Достаточно вспомнить, что во времена пророков у евреев было семь пророчиц, имена которых записаны в Танах: Сарра, Мирьям, Дебора, Ханна, Абигайль, Хульда и Эстер. И лично Аврааму, праотцу нашему, сказал Господь: «Во всем, что скажет тебе Сарра, слушайся голоса ее» (Бытие, 21:12). И Ревекке, а не Исааку обязаны мы своим первородством, ибо это она, с чисто женской решимостью, без тени сомнения в своей правоте, взялась обмануть своего слепого мужа Исаака и присвоить первородство, которое по праву рождения принадлежало косматому Исаву, младшенькому, любимцу своему, Иакову, позднее получившему от Бога великое свое имя: Израиль.
Вот в обстановке такого женского домостроя росла Верочка Инбер, девочка со вздернутым носиком, миниатюрная, хрупкая, с рыжими волосами, поклонники впоследствии предпочитали называть ее златокудрой, капризная, немножечко взбалмошная и обожавшая своего истинно еврейского папочку, о котором до конца своей жизни говорила не иначе как «мой замечательный папа».
Поразительный феномен: типично ассимилированная девочка, она на долгие годы сохранила пристрастие к еврейским словечкам, переданным ей местечковым папой, и свою таксу, заядлая собачница, она нарекла еврейским именем: Беня Крик. Во времена Бабеля и Багрицкого у нее был Беня Крик первый, четверть века спустя — Беня Крик четвертый.
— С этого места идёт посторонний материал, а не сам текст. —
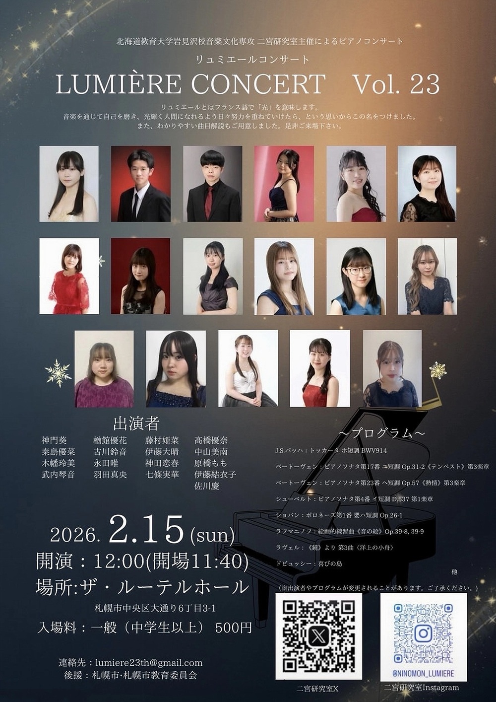 北海道教育大学岩見沢校音楽文化専攻二宮研究室主催によるピアノコンサート LUMIERE CONCERT Vol.23 リュミエールコンサート 2月15日(日)12:00 ザ・ルーテルホール(札幌市中央区大鳥西6丁目3-1) 出演(ピアノ) 神門 葵、樽舘 優花、藤村 姫菜、高橋 優奈、棄島 優菜、古島 鈴音、伊藤 大晴、中山 美南、木幡 玲美、 永田 唯、神田 恋春、原橋 もも、竹内 琴音、羽田 真央、七条 実華、伊藤結衣子、佐川 慶 プログラム J.S.バッハ/トッカータホ短調BWV914 ベートーヴェン/ピアノ・ソナタ第17番ニ短調Op.31-2「テンペスト」第3楽章 ベートーヴェン/ピアノ・ソナタ第23番ヘ短調Op.57「情熱」第3楽章 シューベルト/ピアノ・ソナタ第第4番イ短調D.537第1楽章 ショパン/ポロネーズ第1番嬰ハ短調Op.26-1 ラフマニノフ/絵画的練習曲『音の絵』Op.39-8.39-9 ラヴェル/『鏡』より第3曲「洋上の小舟」 ドビュッシー/喜びの島 ‥‥他 |

К пятнадцатилетию Октября, в 1932 году, она сочинила стихотворение «Вполголоса», где говорила про себя: «Я писала лирически-нежным пером, я дышала спокойно и ровненько…» На самом же деле хотелось ей совсем другого: хотелось быть как все. Не все, которые были вокруг, в реальной жизни, а «как все», согласно нормативам и предписаниям революции:
История шла по стране напрямик,
Был полон значения каждый миг,
Такое не повторится.
А я узнала об этом из книг
Или со слов очевидцев.
А я утопала во дни Октября
В словесном шитье и кройке.
Ну что же! Ошибка не только моя,
Но моей социальной прослойки.
Ну, насчет социальной прослойки это была, так сказать, полуправда. А полная правда состояла в том, что и из ее социальной прослойки шли евреи в революцию. Правда, преимущественно шли в ту часть революции, которая представлена была меньшевиками да эсерами, о чем историки и по ту, и по эту сторону красного кордона пока что лепечут, по большей части, нечто невнятное.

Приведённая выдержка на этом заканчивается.